Since then his parents have been constantly worried about what could happen and weekly prayers have been said for him at their local church.
Mrs Rushen-Smith said: “When he first went out there, he phoned home because he was home sick but he seems to have come through that and just got on with it.
“He has had lots of experiences out there and has even learned to drive.
“He is a great hero to us.”
Mrs Rushen-Smith said it was good being able to send messages via websites, like The Evening Star, as he was able to receive them straight away whereas parcels took ten days to arrive.
Mary Tanner-Tremaine, of Days Green, Capel St Mary, was delighted to see her 24-year-old son, Joseph, return from the tour, which he joined when it first began in April.
The 58-year-old said: “It has been very traumatic. They have seen lots of action and have seen things that parents would not want their children to see.
“He has seen too much and he has cried to me about it. He was there when the friendly fire incident happened and helped with the casualties.
“I feel so much for those parents who are not able to come up here and greet their sons back home. I don't know how they have coped.
“You never get used to it. Everyday you think 'I hope they are safe.'
“I think it would be nice for Ipswich to do something to welcome them back. They have all done a good job and deserve recognition for that.
Joseph , who has been in the army for about five years, was greeted by his two sisters, Claire, 29, and Rachel, 26, and his father Roland when he returned to Capel St Mary.
He said: “I've been waiting for the last few days to come home. It can get quite boring. “It's good to be back. I can't wait to sleep in my own bed.
“The tour has been good though we have taken quite a few casualties.”
Luke Geater, of Cattsfield, Stutton, was met by girlfriend of two years, Sophie Alexander.
The 21-year-old said: “When I got off the bus, I was just looking for Sophie. I don't really like crowds like this and was just keen to get home.
“I was in Afghanistan for the whole six months - it was proper war fighting. I have been to Iraq before but Afghanistan was full on. At times it was quite boring too.
“I'm looking forward to relaxing and having some good food.”
The Royal Anglian regiment was formed in 1964 from old East Anglian regiments, which dated back more than 300 years.
Operation Herrick has been the battalion's most challenging tour to date.
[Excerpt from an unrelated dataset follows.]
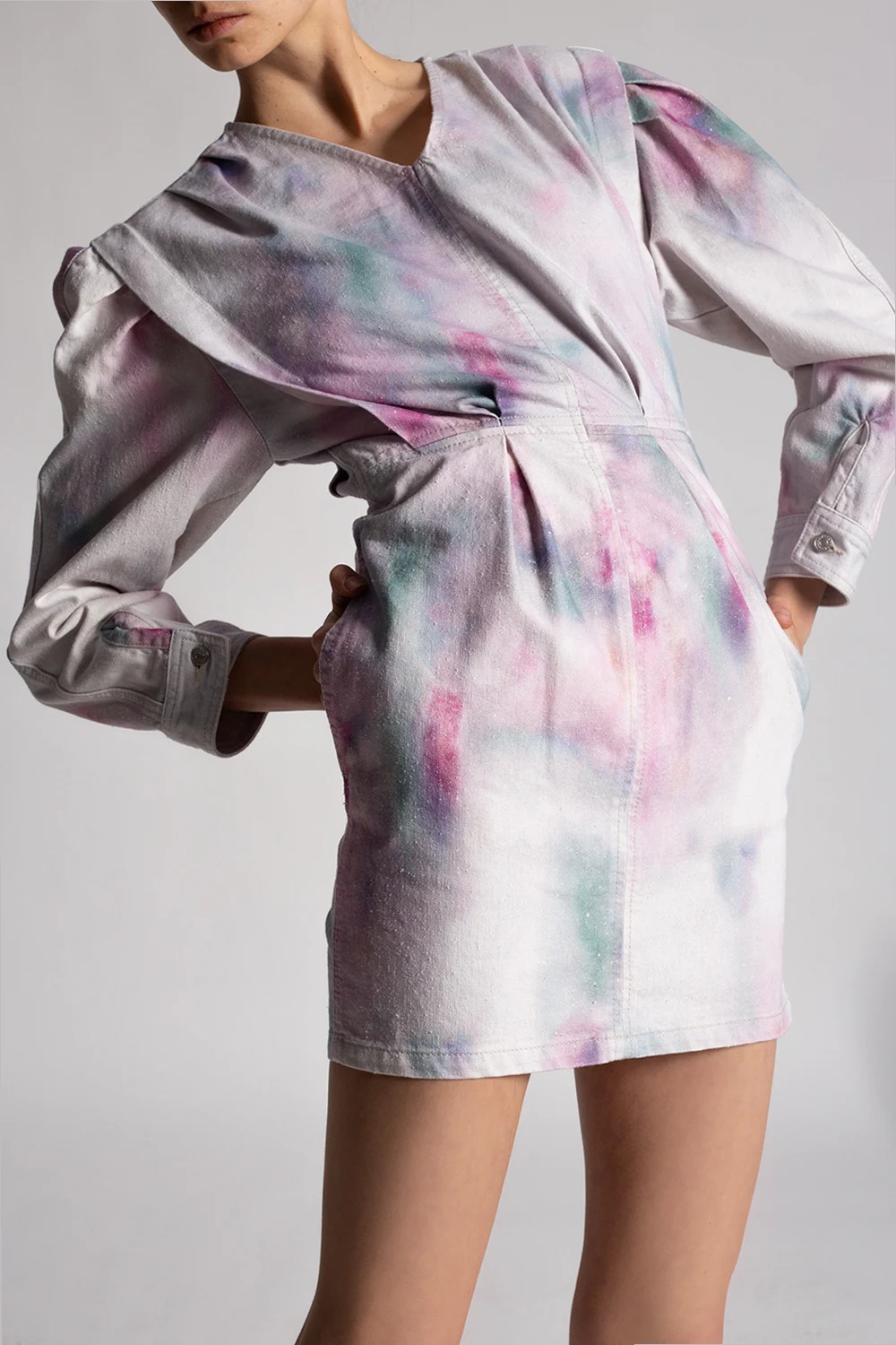 Multicolored denim dress from Isabel Marant Étoile. Fastened at the back with a zip, this flared design is complete with a printed pattern, V-neck and long sleeves with button cuffs.

During the course of 350 engagements with the enemy, more than 1000 Taliban fighters have been killed by the battle group.
Fighting has taken place all over Helmand Province and in particular, the Green Zone, between the towns of Gereshk and Kajaki, where the Taliban previously considered itself to be secure.
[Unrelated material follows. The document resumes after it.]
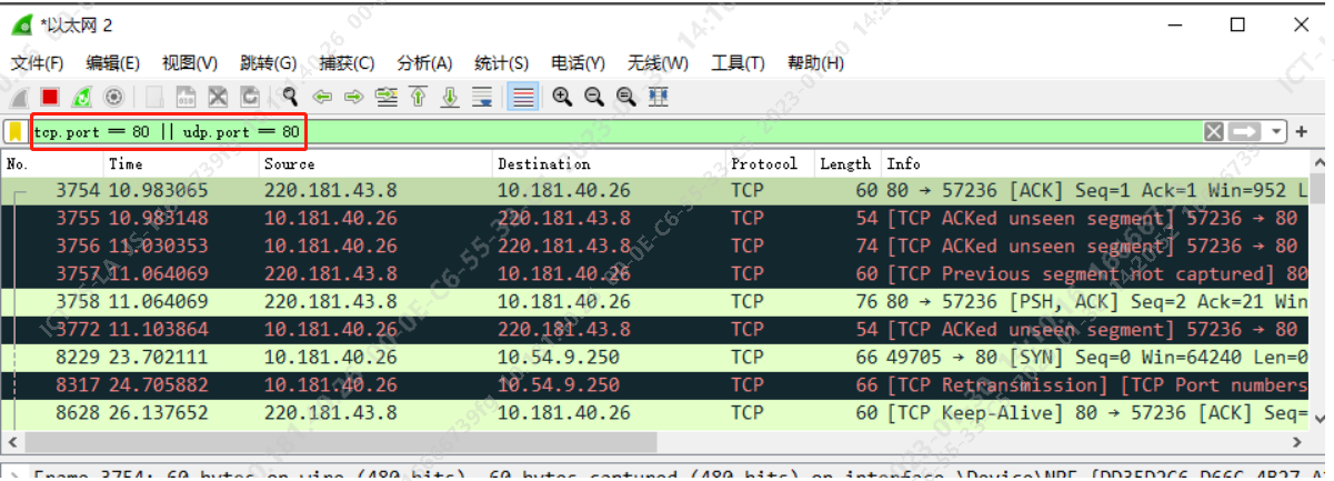 ip.addr == 10.181.40.26 #这个ip地址是不分源ip地址和目的地ip地址
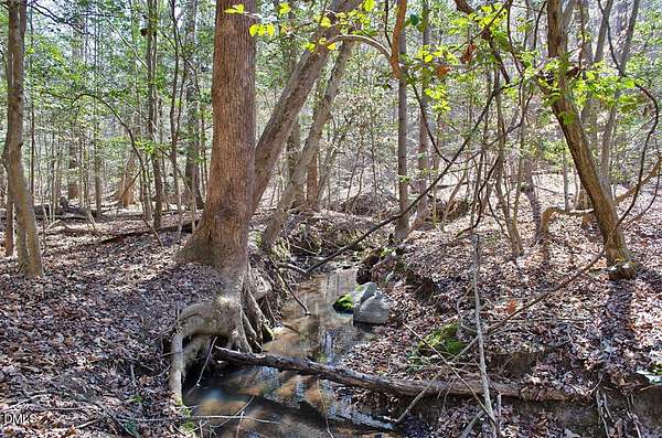 46-acre tract in the gated Peninsula at Kerr Lake community offers a rare combination of private acreage and direct recreational access. The land features 2.5 acres of open fields, mid-aged pines, and creeks bordered by mature hardwoods. A standout feature is the 3,200 feet of frontage along Army Corps of Engineers land, providing an expansive natural buffer and direct access to public game lands for hunting and hiking. While private docks are not permitted, the property includes a deeded boat slip in the community dock for immediate lake access. The community allows for stick-built homes, horses, and various pets, with hunting and recreation permitted under existing covenants. Soil map indicates good percing soils, and the property offers the flexibility to be subdivided into a maximum of three parcels. This tract provides the seclusion of a large acreage estate with the security of a managed community and convenient proximity to Kerr Lake's boating and recreation.

Locating the Taliban fighters, helping casualties, and coping with the extreme climate and terrain has been tough on the troops.
Yet the transformation of the town of Sangin exceeded the battalion's expectations. Since the start of the tour, there have been a number of large reconstruction projects put in place, including irrigation work, repairing electricity transformers, constructing wells and opening schools and medical clinics.
There has also apparently been a swing of public support away from the Taliban and behind the government of the Islamic Republic of Afghanistan and coalition forces.
Yet success has not come without a cost, as nine soldiers have been killed, 57 wounded in action and 78 non-battle casualties.